191 y_type, y_true, y_pred, multioutput = _check_reg_targets(
--> 192 y_true, y_pred, multioutput
193 )
194 check_consistent_length(y_true, y_pred, sample_weight)
/shared-libs/python3.7/py/lib/python3.7/site-packages/sklearn/metrics/_regression.py in _check_reg_targets(y_true, y_pred, multioutput, dtype)
92 the dtype argument passed to check_array.
93 """
---> 94 check_consistent_length(y_true, y_pred)
95 y_true = check_array(y_true, ensure_2d=False, dtype=dtype)
96 y_pred = check_array(y_pred, ensure_2d=False, dtype=dtype)

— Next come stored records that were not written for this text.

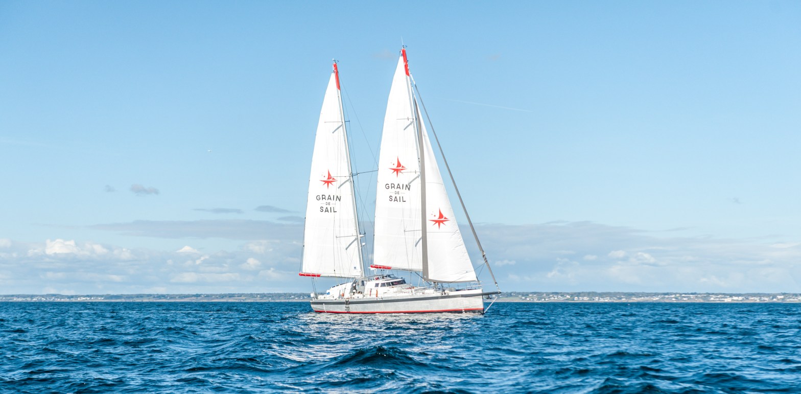 Bonjour ! Torréfacteur et chocolatier depuis 2013, Grain de Sail® exploite depuis 2020 son premier voilier cargo de 22m et 35 tonnes de capacité en cale. Le navire, enregistré au RIF (sous pavillon Français), permettra d’exporter des vins BIO français vers New-York puis ramènera des cacaos BIO et un peu de café vert d’Amérique Latine jusqu’à Morlaix, siège de l’entreprise. Nos cafés et chocolats sont produits en partenariat avec l’ESAT des Genêts d’Or en faisant travailler une vingtaine d’ouvriers en situation de handicap.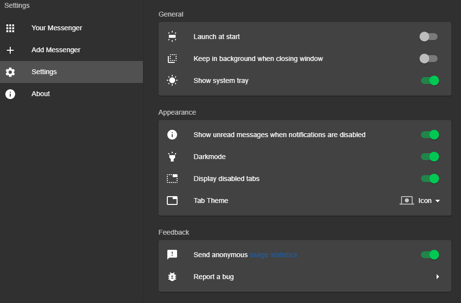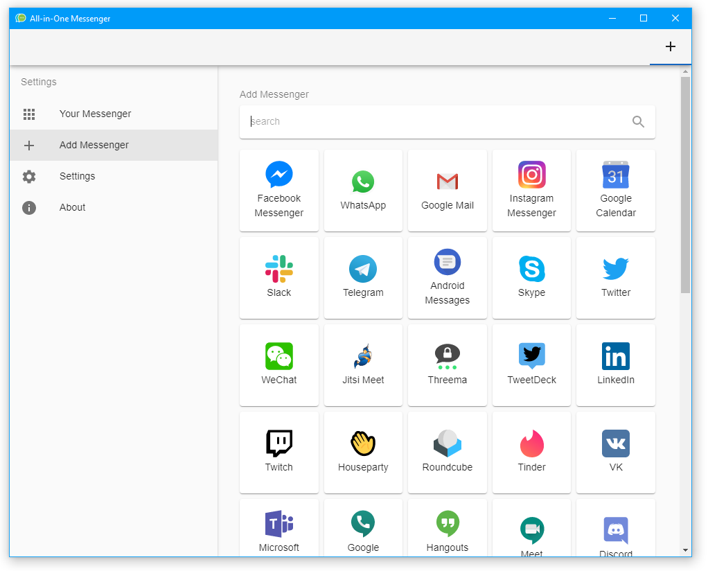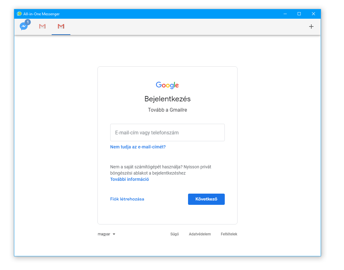 A + gombra kattintva újabb üzenetküldőt vehetünk fel, vagy akár éppen pl. a Gmailt is több példányban.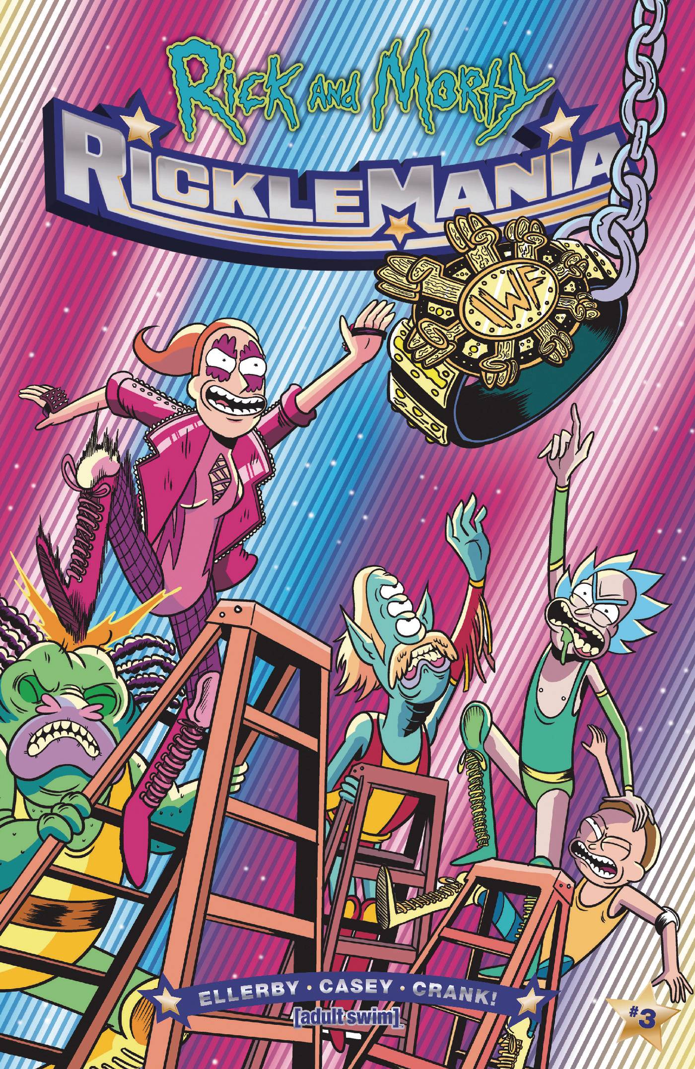 "From Marc Ellerby (Doctor Who), the piledriving action of Rick and Morty: Ricklemania continues as we reach the penultimate issue-and the stakes couldn't be higher!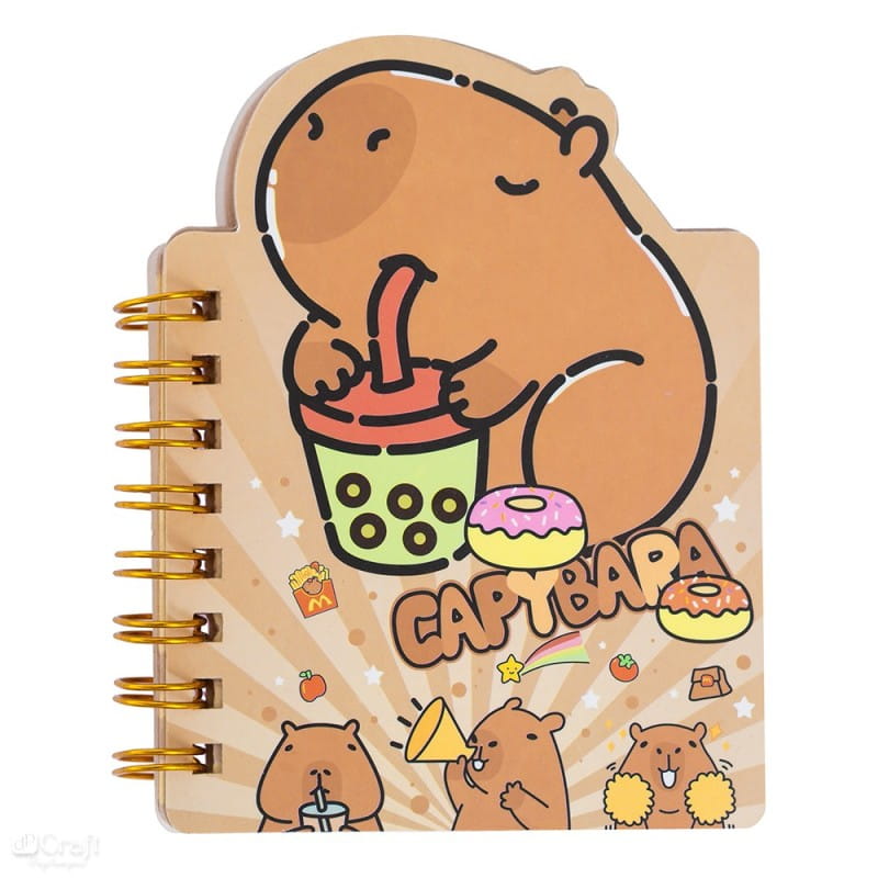Notesik na spiralce z motywem kapibary to wyjątkowe połączenie funkcjonalności i uroczego designu. Kompaktowy format sprawia, że idealnie mieści się w plecaku, torebce lub piórniku.

/shared-libs/python3.7/py/lib/python3.7/site-packages/sklearn/utils/validation.py in check_consistent_length(*arrays)
327 """
328
--> 329 lengths = [_num_samples(X) for X in arrays if X is not None]
330 uniques = np.unique(lengths)
331 if len(uniques) > 1:
/shared-libs/python3.7/py/lib/python3.7/site-packages/sklearn/utils/validation.py in <listcomp>(.0)
327 """
328
--> 329 lengths = [_num_samples(X) for X in arrays if X is not None]
330 uniques = np.unique(lengths)
331 if len(uniques) > 1:
/shared-libs/python3.7/py/lib/python3.7/site-packages/sklearn/utils/validation.py in _num_samples(x)
263 x = np.asarray(x)
264 else:
--> 265 raise TypeError(message)
266
267 if hasattr(x, "shape") and x.shape is not None:
TypeError: Expected sequence or array-like, got <class 'float'>
Just to see a new NumPy function, here is an example of how np.full_like
works. The following puts three copies of 59.15
into a NumPy array (because our first argument had three elements).
(I didn’t notice this during class, but it looks like they also get rounded to integers, presumably because our first argument has integers.)
np.full_like([1,3,5], 59.15)
array([59, 59, 59])
Here is a fancy way to get the correct number of 59.15
values in a NumPy array. This can be compared to df_sub["temperature"]
using mean_absolute_error
.
y_pred = np.full_like(df_sub["temperature"], 59.15)
y_pred
array([59.15, 59.15, 59.15, ..., 59.15, 59.15, 59.15])
Notice that this y_pred
does indeed have the correct number of entries. We are calling it y_pred
because these are the predictions that our decision tree will make for every input in df_sub
. (Each leaf node has a single output. For this particular leaf node, the output is 59.15
.)
len(y_pred)
1080
Now we can finally reproduce the number 5.586
from the tree diagram.
mean_absolute_error(df_sub["temperature"], y_pred)
5.586111111111111
Notice that our array y_pred
does indeed match the predicted values for our sub-DataFrame.
tree.predict(df_sub[cols])
array([59.15, 59.15, 59.15, ..., 59.15, 59.15, 59.15])
We didn’t get further than this. I don’t think we will continue with this on Wednesday; instead we’ll see an example of using Bing Chat for programming.
Inadequacy of train_test_split
#
I don’t think we will get this far today.
Load the full dataset.
Divide the data using
train_test_split
, using 80% of the rows for the training set.
Instantiate a new decision tree, this time using the default criterion choice (MSE) and allowing a maximum of 1000 leaf nodes.
Fit the data. (What set should we use?)
What is the Mean Squared Error for our predictions on the training set? On the test set?